11月30日(土)花形講談会 宝井琴調独演会 -琴調の冬- らくごカフェ

蚊取り線香の広告の様な副題ですが、これ、主催者さんが命名したものでしょうか。
無駄口はさておき・・・『講釈をゆっくり聴きたいなぁ』とあちこち探しておりましたら、寄席で高座をお見かけする琴調先生の独演が目に留まりました。
しかも『柳田の堪忍袋』、『中村仲蔵』と噺の方でお馴染みの読み物。
『これはお誂え向き』とばかりに、らくごカフェへやって参りました。


◆神田松之丞 『違袖の音吉』
『たがそでのおときち』と読みます。
家業の魚屋を手伝う当年十二歳の音吉は、口が達者な生意気小僧。
今日も天秤を担いで魚を商っている最中、天満橋でよろけてきた土地の侠客とぶつかって転ばされてしまいます。
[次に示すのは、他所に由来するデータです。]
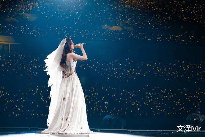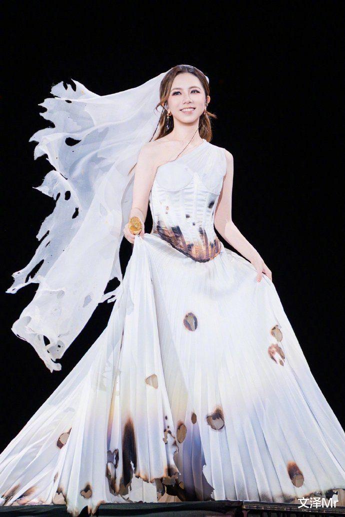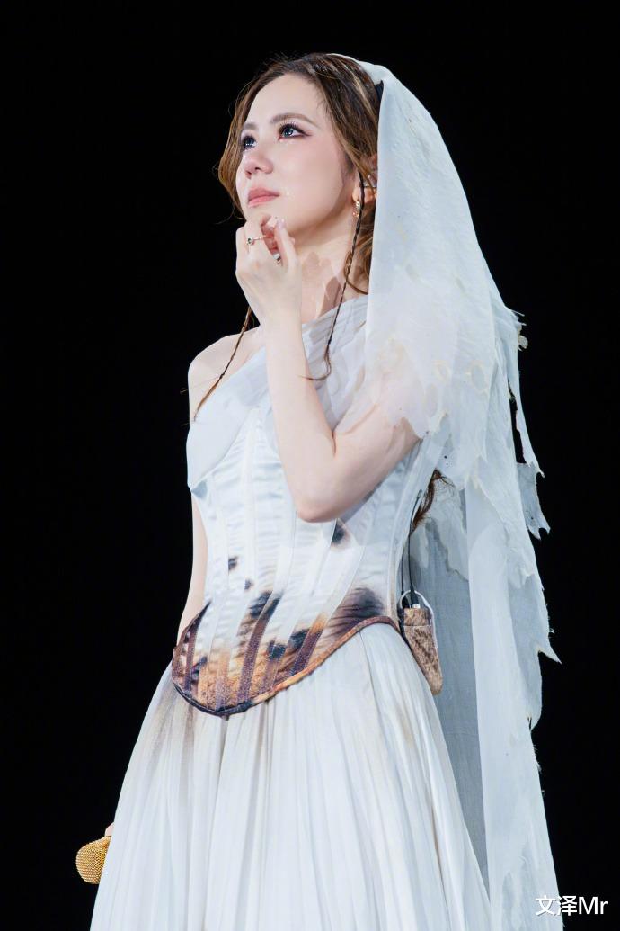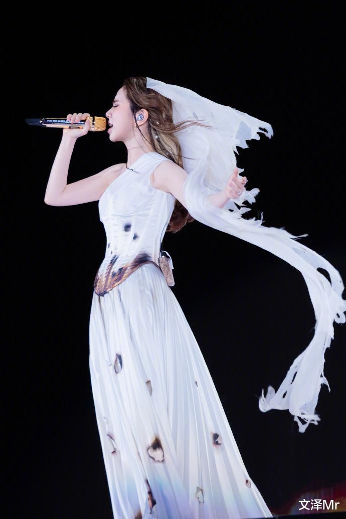 当追光灯打向舞台中央,头纱白裙的邓紫棋宛如暗夜新娘。褶皱裙摆随着演唱动作荡开波纹,那些看似灼烧的裂痕竟在灯光下泛出鎏金光泽。她紧握麦克风投入演唱的模样,让人想起她曾说:“舞台是我的教堂,音乐是我的祷告。”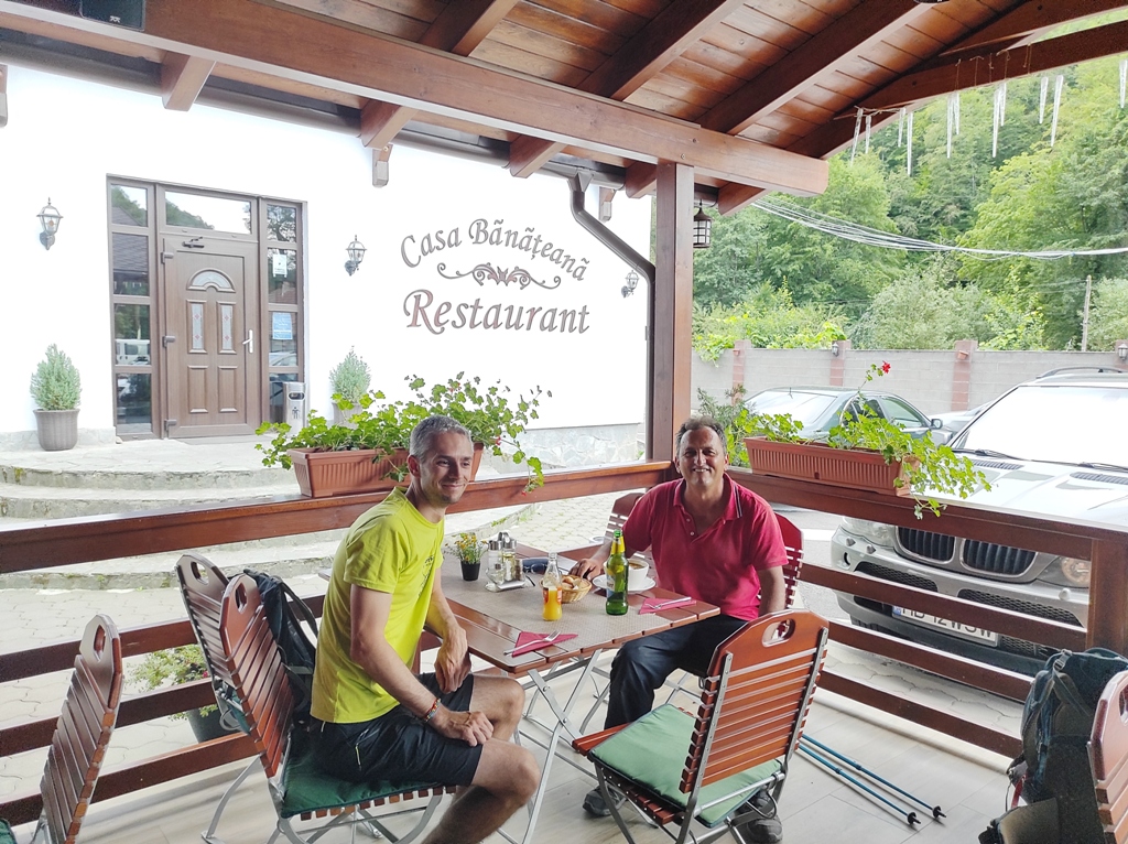 Ajung foarte repede la Reșița, de fapt la intrarea în oraș, și aici îl întâlnesc pe prietenul meu Laurențiu Artugian pe care nu-l mai văzusem de vreo 4-5 ani, el este om de munte adevărat și o persoană cu reale veleități intelectuale, profesor universitar de profesie. Mergem împreună la Casa Bănățeană unde eu servesc masa și timp de aproape două ore depănăm amintiri din trecut și discutăm lucruri interesante. Repede mai trece timpul când găsești persoana potrivită cu care să stai de vorbă!

怒った音吉、生意気に啖呵を切ったのは良かったが、逆に相手を怒らせ脇差を抜かれて刃傷沙汰へ。

剽軽な演出をも取り入れた侠客伝。
この音吉、件の侠客の子分となり、十九歳にしてその名を轟かせる侠客となったと言う出世の物語。
前講として見事な出来。満員の客席を充分に温めて下がりました。

◆宝井琴調 『中村仲蔵』
客席の空気を落ち着ける様に、穏やかな声で先ずは雑談めいたお話。

『いま帰った』、『お帰りなさい』と仲蔵夫婦の遣り取りから読み始めました。
座付作者の金井三笑との確執から「弁当幕」五段目の斧定九郎一役と思いがけぬ軽い役を振られた仲蔵。
江戸を売ろうと決心しますが、女房の『いつもの様に演りたい様に演って、もししくじったらそれからでも・・・』との言葉を受け入れて、まず神頼み。柳島の妙見様へ。
噺の方と同じ展開ですが、琴調先生は金井三笑との確執を強調した演出でした。
妙見様近くの蕎麦屋場面は割合とあっさり目。対して芝居場面はたっぷり演ってくれました。迫力満点。

しくじったと江戸を売る仲蔵。
品川へと急ぐ途中、とある商店の店先で芝居真似をしながら仕事をする小僧の声に、ついと歩みを止めていると、その家の主人が帰って来ます。
(ここ『鶴亀屋という扇子屋』だったかしらん、ちょっと聴き漏らしてしまいました)

帰って来た主人曰く『五段目を観たら、後がつまらなくなって途中で帰って来た』
聞いた仲蔵が『あぁ、俺のせいだ。申し訳ない』と思いながら小僧と主人の会話を更に聞いておりますと『小僧、明日連れて行ってやる。仲蔵の定九郎が大変に好かった』との嬉しい言葉。
『あぁ、このご主人は明日も俺を観に来てくれると言ってくれた。このことをせめて女房に伝えて・・・』と家へ戻り、そして座頭團十郎方へ。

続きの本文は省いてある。